O banco de horas, ou seja a possibilidade de aumentar o período de trabalho sem o trabalhador ter direito a receber horas extraordinárias, volta à agenda do governo no pacote laboral. Desta feita, a proposta é que seja considerado que há uma “adesão tácita” do trabalhador a este sistema se não se opuser ao regulamento interno da empresa em que ele conste. O assunto é destacado esta sexta-feira no Jornal de Negócios.
A ideia de um “banco de horas” prevê que seja atribuída uma compensação pelo trabalho suplementar feito ao abrigo deste regime. Esta pode ser feita através de uma redução de horas a trabalhar noutra altura, de acrescento de dias de férias ou de pagamento, apesar deste ser feito não no valor das horas extraordinárias mas no valor habitual da hora trabalhada.
Em Portugal, foi Vieira da Silva que a introduziu em 2009 nas suas alterações ao Código do Trabalho. Nesta versão, o banco de horas apenas podia ser adotado com acordo dos sindicatos. Quando o governo Passos Coelho/Paulo Portas chegou ao poder, acabou por fazer valer o princípio da negociação individual com o trabalhador, passando a ser possível o aumento do período normal de trabalho em duas horas por dia até 50 por semana. A ideia do acordo tácito já estava incluída nesta versão mas de outra forma: era considerado que o trabalhador concordaria com a implementação do banco de horas se não respondesse à proposta feita em 14 dias.
O governo seguinte, que contava com o apoio parlamentar conhecido como a geringonça, acabou com esta possibilidade de negociação individual. Assim, atualmente, o banco de horas só pode ser aplicado com uma convenção coletiva ou se houver um referendo entre os trabalhadores.
Os sindicatos sempre criticaram que, sem negociação coletiva e abandonados a “acordos individuais”, os trabalhadores ficam pressionados para aceitar as exigências dos patrões, o que resulta em comprometer o seu direito ao descanso.
O que mais consta da proposta do governo
O banco de horas que a ministra Rosário Palma Ramalho agora propõe volta ao aumento do período normal de trabalho até duas horas por dia e 50 horas por semana, com o limite de 150 horas por ano.
Desta feita, é considerado que o trabalhador consentiu tacitamente com a proposta patronal se não se opuser por escrito passados 21 dias da divulgação do regulamento. Este deve prever desde logo a forma como o trabalho adicional será “compensado”. Mas caso acabe por existir um saldo a favor do trabalhador será pago em dinheiro ao valor “normal” da hora de trabalho e não ao das horas extraordinárias. O regulamento também deve prever a antecedência com que o trabalhador deve ter conhecimento das mudanças de horário. Sendo que há uma antecedência mínima de três dias mas a exceção de casos de força maior ou prejuízos graves.
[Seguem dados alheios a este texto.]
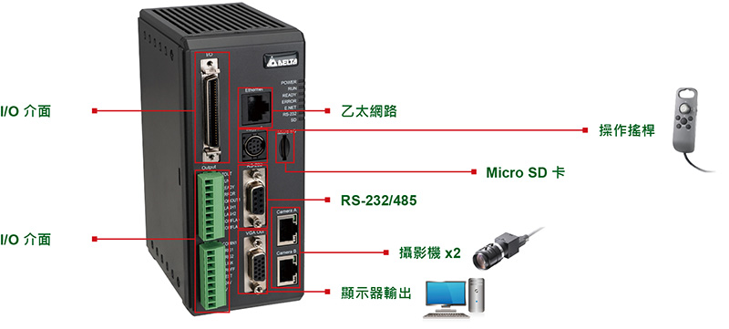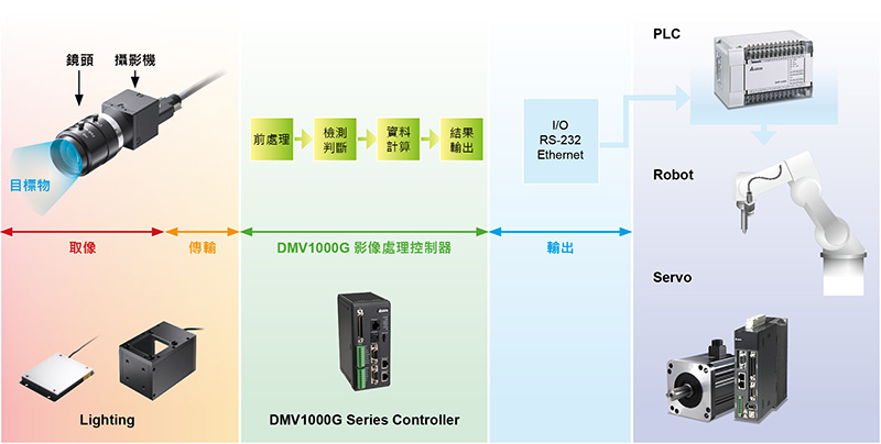 臺(tái)達(dá)機(jī)器視覺系統(tǒng) DMV1000G 系列提供人性化圖像處理接口,用戶可透過簡(jiǎn)單的步驟設(shè)定,即可利用高速傳輸速率的 GigE 接口數(shù)字?jǐn)z影機(jī)進(jìn)行影像擷取,取得影像后再由控制器內(nèi)部的高速視覺運(yùn)算處理系統(tǒng),執(zhí)行面積偵測(cè)、邊緣位置、距離、計(jì)數(shù)、角度、瑕疵、斑點(diǎn)、圖形比對(duì)、字符辨識(shí)、坐標(biāo)、角度運(yùn)算以及邊緣角度等功能,滿足各種多功能視覺檢測(cè)應(yīng)用。 DMV1000G 系列不僅擁有智能化的圖像處理功能,更包含多點(diǎn) I/O 輸入輸出接口,用戶可方便鏈接外部傳感器信號(hào)、光源觸發(fā)、攝影機(jī)取像觸發(fā)、數(shù)據(jù)鏈路等應(yīng)用,降低硬件上的建構(gòu)成本。DMV1000G 系列提供業(yè)界大宗的工業(yè)網(wǎng)絡(luò)接口,如:RS232、RS485、Ethernet 與 I/O 接口等,將視覺系統(tǒng)的檢測(cè)數(shù)據(jù)與判斷結(jié)果快速且精準(zhǔn)的傳送至上位控制器。 此外,針對(duì)視覺系統(tǒng)所需配件,臺(tái)達(dá)亦提供攝影機(jī)、鏡頭、光源等,讓使用者能夠簡(jiǎn)單、快速地架構(gòu)高精度、靈活性、網(wǎng)絡(luò)型的全自動(dòng)化機(jī)器視覺系統(tǒng)。
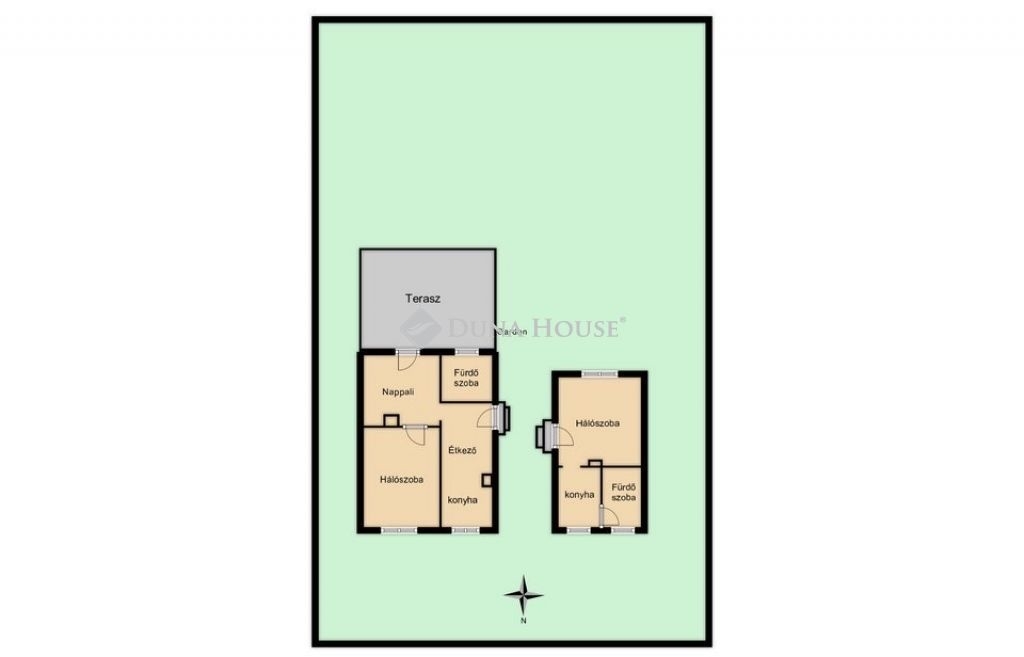 Az ingatlan két különálló épületből áll (20 m² és 40 m²), így ideális választás lehet családoknak, többgenerációs együttélésre vagy befektetési célra is.
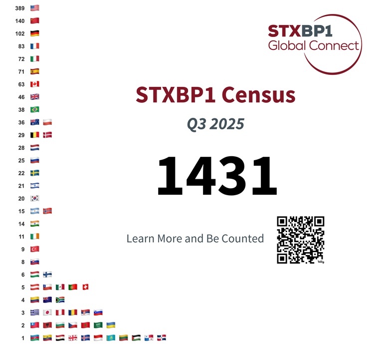 Il censimento STXBP1 è un progetto collaborativo di STXBP1 Global Connect. STXBP1 Global Connect è una rete globale di genitori composta da numerosi gruppi provenienti da tutto il mondo, focalizzata sul miglioramento della vita dei pazienti affetti da STXBP1.
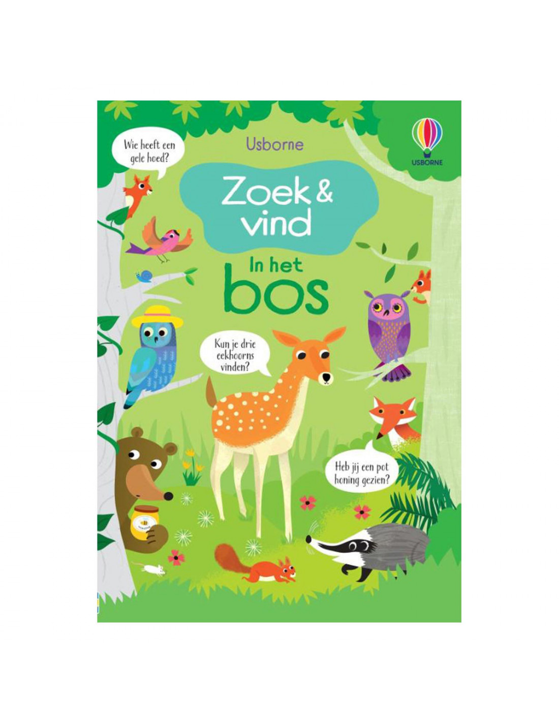 Heerlijk boek vol bosdieren en andere dingen om over te praten, te vinden, te tellen en bij elkaar te zoeken. Bij elke illustratie geven dieren de lezer zoekopdrachten en op elke pagina is een wit muisje verstopt.

Há ainda o chamado “banco de horas grupal” que serve para aplicar o sistema a uma equipa onde todos não concordem. Esta aceitação tem de ser na ordem dos 75% mas para ser considerada não há exigência de voto secreto.
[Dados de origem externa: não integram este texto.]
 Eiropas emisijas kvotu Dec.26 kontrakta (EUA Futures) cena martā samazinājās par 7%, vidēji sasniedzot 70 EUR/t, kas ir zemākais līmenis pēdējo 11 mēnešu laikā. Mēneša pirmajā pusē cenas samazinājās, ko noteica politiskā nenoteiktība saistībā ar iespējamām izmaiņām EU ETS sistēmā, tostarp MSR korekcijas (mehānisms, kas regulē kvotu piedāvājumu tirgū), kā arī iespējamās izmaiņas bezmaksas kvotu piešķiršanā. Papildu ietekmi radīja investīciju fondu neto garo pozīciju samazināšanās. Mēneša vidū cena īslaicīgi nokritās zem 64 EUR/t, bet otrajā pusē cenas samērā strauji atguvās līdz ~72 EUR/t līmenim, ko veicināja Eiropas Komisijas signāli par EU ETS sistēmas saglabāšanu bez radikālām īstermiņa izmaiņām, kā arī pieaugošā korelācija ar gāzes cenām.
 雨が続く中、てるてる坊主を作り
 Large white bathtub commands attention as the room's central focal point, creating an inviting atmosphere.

A balança desequilibra a favor do empregador
António Monteiro Fernandes, professor convidado da faculdade de Direito da Universidade Nova de Lisboa e presidente da comissão que fez o estudo prévio à revisão do Código do Trabalho de 2009, avisa que “o acordo individual, inclusivamente tácito, que agora se pretende recuperar, e o banco de horas grupal baseado em acordos individuais, envolve a opção pelo risco de colocar a matéria sobre o domínio absoluto da vontade unilateral do empregador”, agravando esse “desequilíbrio”.
Àquele órgão de comunicação social sublinha que se há “grandes vantagens para o empregador” que “pode dispor de horas a mais à medida que delas necessite por um custo igual ao das horas normais” as desvantagens ficam todas do lado do trabalhador que perde não só capacidade de organizar a sua vida pessoal como monetariamente por via de não lhe serem pagas as horas extraordinárias.